I have setup an elasticsearch cluster on the AWS, the cluster has 2 shards each with 1 replicate, so I have 4 VMs in total for the cluster. My goal is to use the mongo-connector to dump 1 million documents from my mongodb on other VM to the elasticsearc cluster. The mongo-connector uses the elasticsearch python client, it uses the bulk API to indexes 500 documents for each call. During the test, I found an interesting issue :
The first 600 bulk requests take 0.25~ second each time, however, starting from the 601th API call, each bulk request takes 1.25~ seconds, it suddenly takes 1 more second. So the first 300,000(600*500) documents have been indexed to elasticsearch very fast, the rest of docs take much longer than the first 300,000 docs.
Below are the logs of the mongo-connector :
2015-09-24 09:06:00,369 [INFO] mongo_connector.connector:1030 - Beginning Mongo Connector
2015-09-24 09:06:00,369 [WARNING] mongo_connector.connector:116 - MongoConnector: Can't find oplog.timestamp, attempting to create an empty progress log
2015-09-24 09:06:00,374 [INFO] mongo_connector.connector:223 - MongoConnector: Empty oplog progress file.
2015-09-24 09:06:00,377 [INFO] mongo_connector.oplog_manager:86 - OplogThread: Initializing oplog thread
2015-09-24 09:06:00,392 [INFO] mongo_connector.connector:295 - MongoConnector: Starting connection thread MongoClient('localhost', 27017)
2015-09-24 09:06:02,963 [INFO] urllib3.connectionpool:205 - Starting new HTTP connection (1): 172.31.1.254
2015-09-24 09:06:03,387 [INFO] elasticsearch:64 - POST http://172.31.1.254:9200/_bulk?timeout=60&refresh=false [status:200 request:0.259s]
2015-09-24 09:06:06,078 [INFO] elasticsearch:64 - POST http://172.31.1.254:9200/_bulk?timeout=60&refresh=false [status:200 request:0.233s]
2015-09-24 09:06:07,719 [INFO] elasticsearch:64 - POST http://172.31.1.254:9200/_bulk?timeout=60&refresh=false [status:200 request:0.244s]
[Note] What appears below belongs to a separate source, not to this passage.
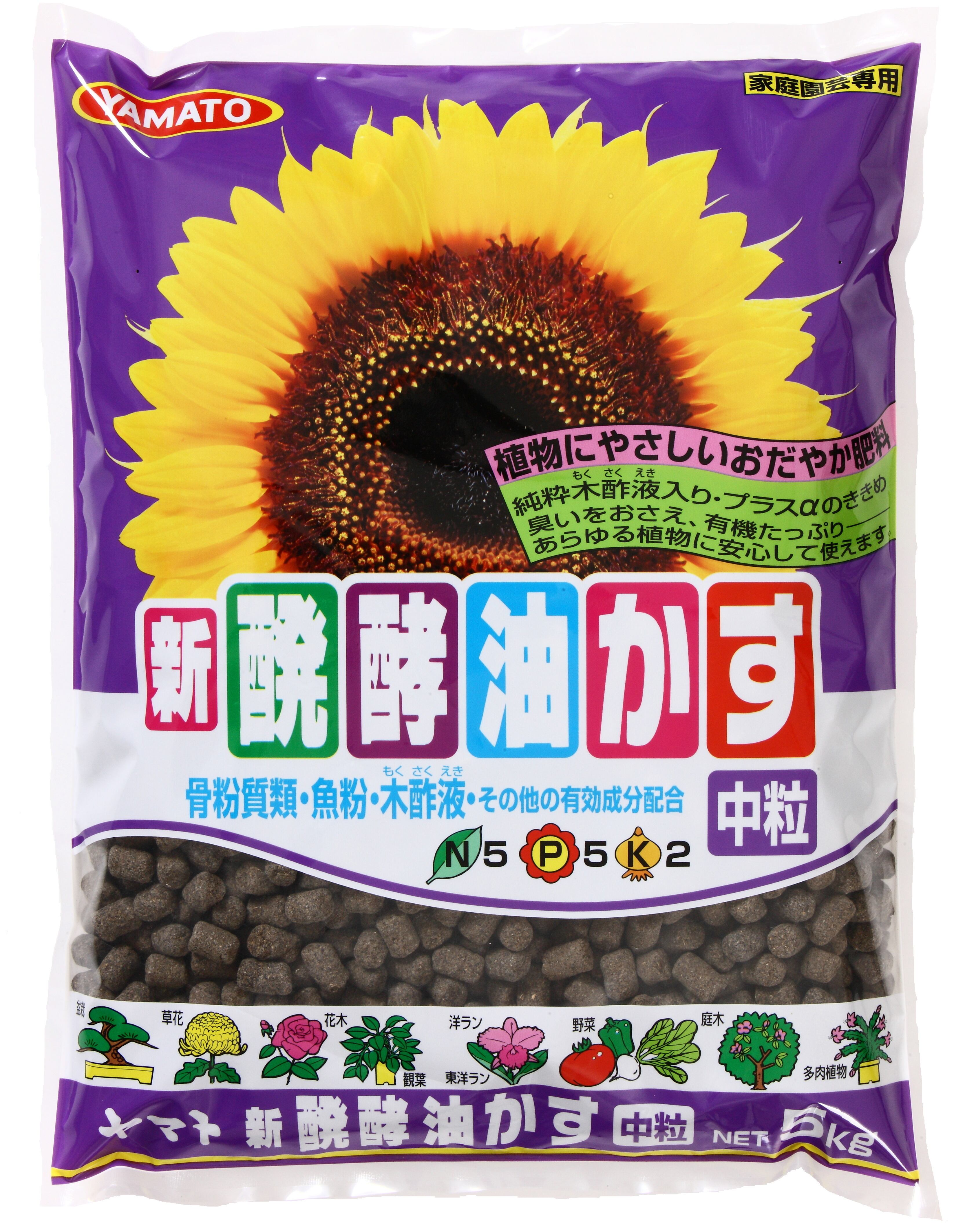 油かすを主体に骨粉質類、魚粉、純粋木酢液、その他の有機質などを特殊醗酵しました。

2015-09-24 09:06:11,288 [INFO] elasticsearch:64 - POST http://172.31.1.254:9200/_bulk?timeout=60&refresh=false [status:200 request:0.228s]
..........594 lines omitted
2015-09-24 09:29:12,213 [INFO] elasticsearch:64 - POST http://172.31.1.254:9200/_bulk?timeout=60&refresh=false [status:200 request:0.232s]
2015-09-24 09:29:13,688 [INFO] elasticsearch:64 - POST http://172.31.1.254:9200/_bulk?timeout=60&refresh=false [status:200 request:0.260s] the 600th bulk call
2015-09-24 09:29:25,096 [INFO] elasticsearch:64 - POST http://172.31.1.254:9200/_bulk?timeout=60&refresh=false [status:200 request:1.211s] the 601th bulk call
2015-09-24 09:29:36,250 [INFO] elasticsearch:64 - POST http://172.31.1.254:9200/_bulk?timeout=60&refresh=false [status:200 request:1.244s]
2015-09-24 09:29:46,413 [INFO] elasticsearch:64 - POST http://172.31.1.254:9200/_bulk?timeout=60&refresh=false [status:200 request:1.211s]
2015-09-24 09:29:56,851 [INFO] elasticsearch:64 - POST http://172.31.1.254:9200/_bulk?timeout=60&refresh=false [status:200 request:1.259s]
......... more logs ....
As we can see from the log, for the first 600 requests, the log time is around 1 second after the previous log, the actual server process time is around 0.25 second. Starting from the 601th, the log time suddenly become 10~ seconds for each request, and the server process time becomes 1.25 seconds.
What would be the problem? Can anyone help?